В шесть утра две трясущиеся от бессонной ночи курицы добирались до Ладожского вокзала.

Стою, держу в руках дублёнку Димкиной жены. Тя-жееёе-лая.

Перрон. Маринкины слёзы. Мороз по телу. Дерьмо на душе. Поезд до Москвы тронулся.

И тут звонок от Акваланга:

— Юлька, я проснулся. Вы где? Я рукой ударил по будильнику и всё проспал, хотел же проводить Маринку. Она чего-то трубку не берёт.

— А ты как думал?

— А что такого! Не надо тут трагедию разыгрывать.

— Ты не мог потерпеть, чтобы Маринка уехала? Зачем за стенкой спать в тот же день с Катей? Ты просто скотина!

— И ты думаешь, что после литра водки я чего-то мог? 

— Я ничего не думаю, а вот Маринка — очень даже!

— Да мы уснули как друзья, и между нами не было ничего! Кисмет.

На этот раз кисмет не слышалось удачей.

 

*

 

В Москве к Маринке возвратилась прежняя самооценка, и через пару дней она уже орала, как сирена, в трубку:

— Мне жалко эту Катю! У Акваланга писька всего лишь десять сантиметров и стоит каких-то три секунды! Я ничего не потеряла! Ничего!

— Так и Катя ничего не потеряла, она нашла себе другой ночлег с мужиком в тот же день.

— Ха! И на что он мог рассчитывать? Когда имеешь десять сантиметров и всего три секунды!

Но это было через пару дней... А тем утром, проводив Маринку, я зашла в туалет на Ладожском вокзале и поставила в уголок пакет с дублёнкой покойной жены Акваланга.

И там его забыла.

 

 

5

 

«Я стою посреди водопада» — почему-то Акваланг представлял это, как на картине Репина «Какой простор», где баба с мужиком гуляют в волнах аки посуху.

— То ли стельки у них свинцовые, то ли маринист пьяный был.
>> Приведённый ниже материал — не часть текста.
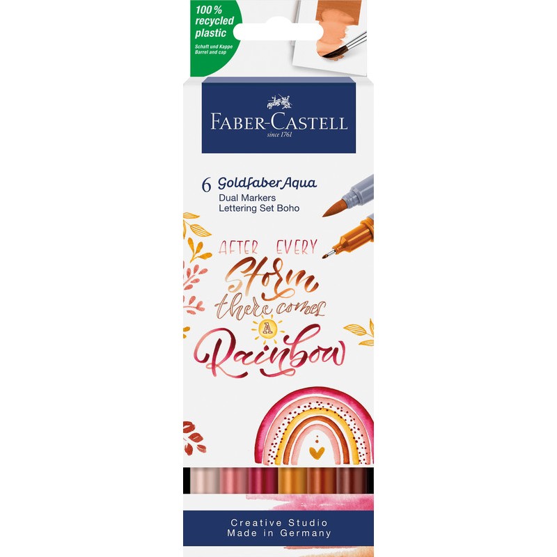 FABER-CASTELL Dual Marker Goldfaber Aqua Lettering Set Zweifunktionsmaler, Finelinerspitze 0,6 mm für Konturen und Details, Pinselspitze für feines, breites und flächiges Arbeiten, Tinte auf Wasserbasis, Verschlusskappe in der Schreibfarbe, wasservermalbar, geruchsneutral, säurefrei, pH-neutral, nicht nachfüllbar, 6 Farben sortiert, in Kartonetui. Nachhaltigkeit eco:plus: verlängertes Produktleben, recycelter Bestandteil, Recycelgehalt Abfall vor Gebrauch max. 50%, umweltfreundliche Verpackung.

Говорят, сам Айвазовский подрисовывал эту порнуху.

После расставания с Маринкой Димка убивался по англичанке Оле.

Она попалась ему в интернете, обещала любовь и даже приезд, а потом сдриснула, написав, что стоит посреди водопада, и жизнь её так веселит, что ей не до ленинградского мужлана.

Акваланг всё время пытался разгадать английский менталитет, приводил в порядок квартиру, наводил в ней уют.

— Вот нисколько не удивлюсь, если приду как-нибудь домой, а она сидит на кухне. И говорит: «Я — Оля».

Цапанула она его за сердце фразочками типа «я в твоей жизни не случайно», «я никуда не денусь», «у меня своя роль в твоей жизни».

После пятидесяти лет, казалось бы — куда уж верить. А вот веришь! И ещё сильнее. И ждешь не пойми каких чудес — что приедет англичанка из Лондона к слесарю Аквалангу.

— У неё там в Англии дом, двадцать лет как уехала из России, живёт в гламуре, работает какой-то хренью, то есть художником, но не рисует нихрена.

И вот она приедет к Аквалангу — чтобы «быть за каменной стеной».

Конечно, после литра водки Акваланг не слишком каменный, но всегда надёжен. Вот только приехала бы, ведь ждёт мужик, мается.

— Она мне снова пишет: «Я стою посреди водопада». Жизнь её бурлит, и ей не до меня...

Но Акваланг блаженный. Он верит.

 

*

 

И приехала ведь. Димка позвонил, что надо встретиться. Он хочет англичанку показать.

Говорит:

— Давай в той чебуречной, где я с ней в первый раз по телефону разговаривал.

У метро «Пушкинская» Акваланг стоял, прижав к себе блондинку невысокого роста, жилистую, поджарую, совсем не похожую на ту красавицу из Интернета.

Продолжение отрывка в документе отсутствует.